MATERIAL SHOWN below:

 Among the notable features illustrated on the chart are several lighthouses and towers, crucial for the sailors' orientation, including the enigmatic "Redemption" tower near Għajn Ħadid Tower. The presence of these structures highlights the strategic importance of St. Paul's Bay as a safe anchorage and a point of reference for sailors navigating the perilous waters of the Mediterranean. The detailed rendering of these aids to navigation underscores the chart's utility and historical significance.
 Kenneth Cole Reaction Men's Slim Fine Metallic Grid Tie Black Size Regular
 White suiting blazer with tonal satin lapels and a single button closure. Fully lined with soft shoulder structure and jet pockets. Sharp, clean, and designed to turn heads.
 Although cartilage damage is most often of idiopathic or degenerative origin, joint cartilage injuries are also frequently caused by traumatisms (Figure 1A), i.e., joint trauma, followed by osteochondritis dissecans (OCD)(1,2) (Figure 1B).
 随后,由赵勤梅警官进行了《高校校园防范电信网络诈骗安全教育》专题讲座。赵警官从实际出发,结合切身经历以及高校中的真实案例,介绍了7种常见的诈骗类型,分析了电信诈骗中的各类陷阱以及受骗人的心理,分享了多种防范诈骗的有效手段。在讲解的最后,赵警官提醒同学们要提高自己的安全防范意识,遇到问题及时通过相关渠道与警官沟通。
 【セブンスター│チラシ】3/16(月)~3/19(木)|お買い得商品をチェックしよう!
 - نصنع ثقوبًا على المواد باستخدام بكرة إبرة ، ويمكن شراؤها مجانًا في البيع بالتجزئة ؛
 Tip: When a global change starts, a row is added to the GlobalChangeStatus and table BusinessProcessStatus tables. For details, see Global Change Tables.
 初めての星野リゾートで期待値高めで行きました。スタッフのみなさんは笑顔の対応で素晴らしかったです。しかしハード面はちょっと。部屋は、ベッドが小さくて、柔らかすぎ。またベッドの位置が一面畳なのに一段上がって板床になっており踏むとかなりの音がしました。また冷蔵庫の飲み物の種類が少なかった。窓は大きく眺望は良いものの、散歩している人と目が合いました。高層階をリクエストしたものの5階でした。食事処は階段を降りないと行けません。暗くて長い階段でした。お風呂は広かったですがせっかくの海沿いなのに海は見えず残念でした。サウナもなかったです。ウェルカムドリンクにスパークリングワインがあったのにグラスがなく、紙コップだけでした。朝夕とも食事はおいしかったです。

End of MATERIAL SHOWN.

[GOAL OF THE EXERCISE] Every entry should be given again exactly as written.

[ANSWER TO THIS PROBLEM]
 Among the notable features illustrated on the chart are several lighthouses and towers, crucial for the sailors' orientation, including the enigmatic "Redemption" tower near Għajn Ħadid Tower. The presence of these structures highlights the strategic importance of St. Paul's Bay as a safe anchorage and a point of reference for sailors navigating the perilous waters of the Mediterranean. The detailed rendering of these aids to navigation underscores the chart's utility and historical significance.
 Kenneth Cole Reaction Men's Slim Fine Metallic Grid Tie Black Size Regular
 White suiting blazer with tonal satin lapels and a single button closure. Fully lined with soft shoulder structure and jet pockets. Sharp, clean, and designed to turn heads.
 Although cartilage damage is most often of idiopathic or degenerative origin, joint cartilage injuries are also frequently caused by traumatisms (Figure 1A), i.e., joint trauma, followed by osteochondritis dissecans (OCD)(1,2) (Figure 1B).
 随后,由赵勤梅警官进行了《高校校园防范电信网络诈骗安全教育》专题讲座。赵警官从实际出发,结合切身经历以及高校中的真实案例,介绍了7种常见的诈骗类型,分析了电信诈骗中的各类陷阱以及受骗人的心理,分享了多种防范诈骗的有效手段。在讲解的最后,赵警官提醒同学们要提高自己的安全防范意识,遇到问题及时通过相关渠道与警官沟通。
 【セブンスター│チラシ】3/16(月)~3/19(木)|お買い得商品をチェックしよう!
 - نصنع ثقوبًا على المواد باستخدام بكرة إبرة ، ويمكن شراؤها مجانًا في البيع بالتجزئة ؛
 Tip: When a global change starts, a row is added to the GlobalChangeStatus and table BusinessProcessStatus tables. For details, see Global Change Tables.
 初めての星野リゾートで期待値高めで行きました。スタッフのみなさんは笑顔の対応で素晴らしかったです。しかしハード面はちょっと。部屋は、ベッドが小さくて、柔らかすぎ。またベッドの位置が一面畳なのに一段上がって板床になっており踏むとかなりの音がしました。また冷蔵庫の飲み物の種類が少なかった。窓は大きく眺望は良いものの、散歩している人と目が合いました。高層階をリクエストしたものの5階でした。食事処は階段を降りないと行けません。暗くて長い階段でした。お風呂は広かったですがせっかくの海沿いなのに海は見えず残念でした。サウナもなかったです。ウェルカムドリンクにスパークリングワインがあったのにグラスがなく、紙コップだけでした。朝夕とも食事はおいしかったです。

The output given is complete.